Package cloudpath provides utility routines for working with paths across both local and distributed storage systems. The set of schemes supported can be extended by providing additional implementations of the Matcher function. A cloudpath encodes two types of information:

  1. the path name itself which can be used to access the data it names.
  2. metadata about the where that filename is hosted.

For example, s3://my-bucket/a/b, contains the path '/my-bucket/a/b' as well the indication that this path is hosted on S3. Most cloud storage systems either use URI formats natively or support their use. Both AWS S3 and Google Cloud Storage support URLs: eg. storage.cloud.google.com/bucket/obj.

cloudpath provides operations for extracting both metadata and the path component, and operations for working with the extracted path directly. A common usage is to determine the 'scheme' (eg. s3, windows, unix etc) of a filename and to then operate on it appropriately. cloudpath represents a 'path' as a slice of strings to simplify often performed operations such as finding common prefixes, suffixes that are aware of the structure of the path. For example it should be possible to easily determine that s3://bucket/a/b is a prefix of https://s3.us-west-2.amazonaws.com/bucket/a/b/c.

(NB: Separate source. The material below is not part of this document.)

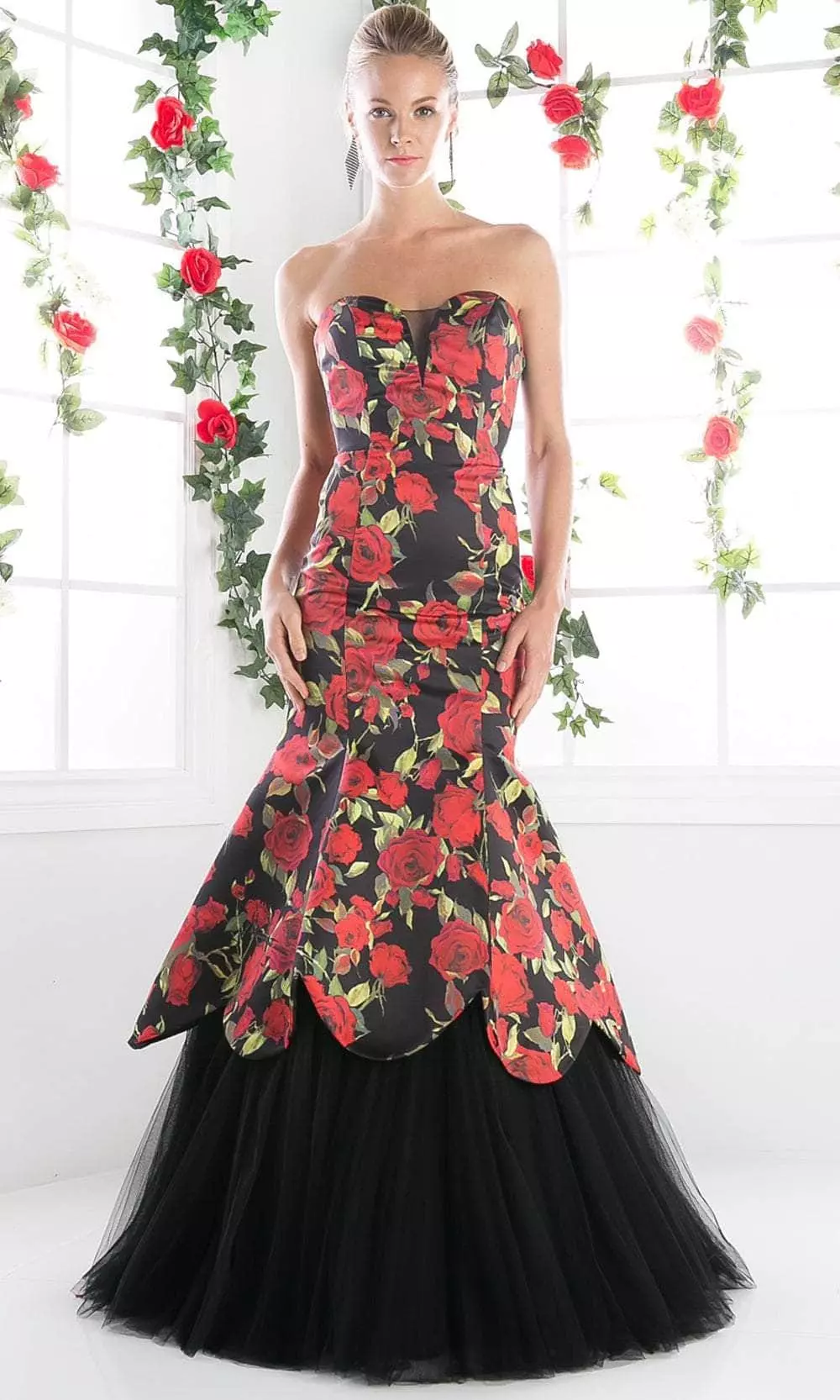 Wearing this Ladivine CR760 gown, you can stand out among those who want to look their best. This floral printed evening gown to flaunt your hourglass figure. It features a strapless sweetheart neckline on a fitted bodice and a classic lace up tie closure. This gown features a scalloped hem and an underskirt made of thick tulle fabric. Make your delectable appearance irresistible to look at by wearing this Ladivine CR760. The model is wearing the Print color.

All of the metadata for a path is represented using the Match type.

For manipulation, the path is converted to a cloudpath.T.

Constants

AWSS3, GoogleCloudStorage, UnixFileSystem, WindowsFileSystem, HTTP, HTTPS
// AWSS3 is the scheme for Amazon Web Service's S3 object store.
AWSS3 = "s3"
// GoogleCloudStorage is the scheme for Google's Cloud Storage object store.
GoogleCloudStorage = "GoogleCloudStorage"
// UnixFileSystem is the scheme for unix like systems such as linux, macos etc.
UnixFileSystem = "unix"
// WindowsFileSystem is the scheme for msdos and windows filesystems.
WindowsFileSystem = "windows"
// HTTP is the scheme for http.
HTTP = "http"
// HTTPS is the scheme for https.
HTTPS = "https"

Functions

Func HasPrefix
func HasPrefix(path, prefix []string) bool

HasPrefix returns true if path has the specified prefix.

Func Host
func Host(path string) string

Host calls DefaultMatchers.Host(path).

Func IsLocal
func IsLocal(path string) bool

IsLocal calls DefaultMatchers.IsLocal(path).

Func Key
func Key(path string) (string, rune)

Key calls DefaultMatchers.Key(path).

Func Parameters
func Parameters(path string) map[string][]string

Parameters calls DefaultMatchers.Parameters(path).

Func Path
func Path(path string) (string, rune)

Path calls DefaultMatchers.Path(path).

Func Region
func Region(url string) string

Region calls DefaultMatchers.Region(path).

Func Scheme
func Scheme(path string) string

Scheme calls DefaultMatchers.Scheme(path).

Func Volume
func Volume(path string) string

Volume calls DefaultMatchers.Volume(path).

Types

Type Match
type Match struct {
	// Original is the original string that was matched.
	Matched string
	// Scheme uniquely identifies the filesystem being used, eg. s3 or windows.
	Scheme string
	// Local is true for local filesystems.
	Local bool
	// Host will be 'localhost' for local filesystems, the host encoded
	// in a URL or otherwise empty if there is no notion of a host.
	Host string
	// Volume will be the bucket or file system share for systems that support
	// that concept, or an empty string otherwise.
	Volume string
	// Path is the filesystem path or filename to the data. It may be a prefix
	// on a cloud based system or a directory on a local one.
	Path string
	// Key is like Path except without the volume for systems where the volume
	// can appear in the path name.
	Key string
	// Region is the region for cloud based systems.
	Region string
	// Separator is the filesystem separator (e.g / or \ for windows).
	Separator rune
	// Parameters are any parameters encoded in a URL/URI based name.
	Parameters map[string][]string
}

Match is the result of a successful match.

Functions
func AWSS3Matcher(p string) Match

AWSS3Matcher implements Matcher for AWS S3 object names. It returns AWSS3 for its scheme result.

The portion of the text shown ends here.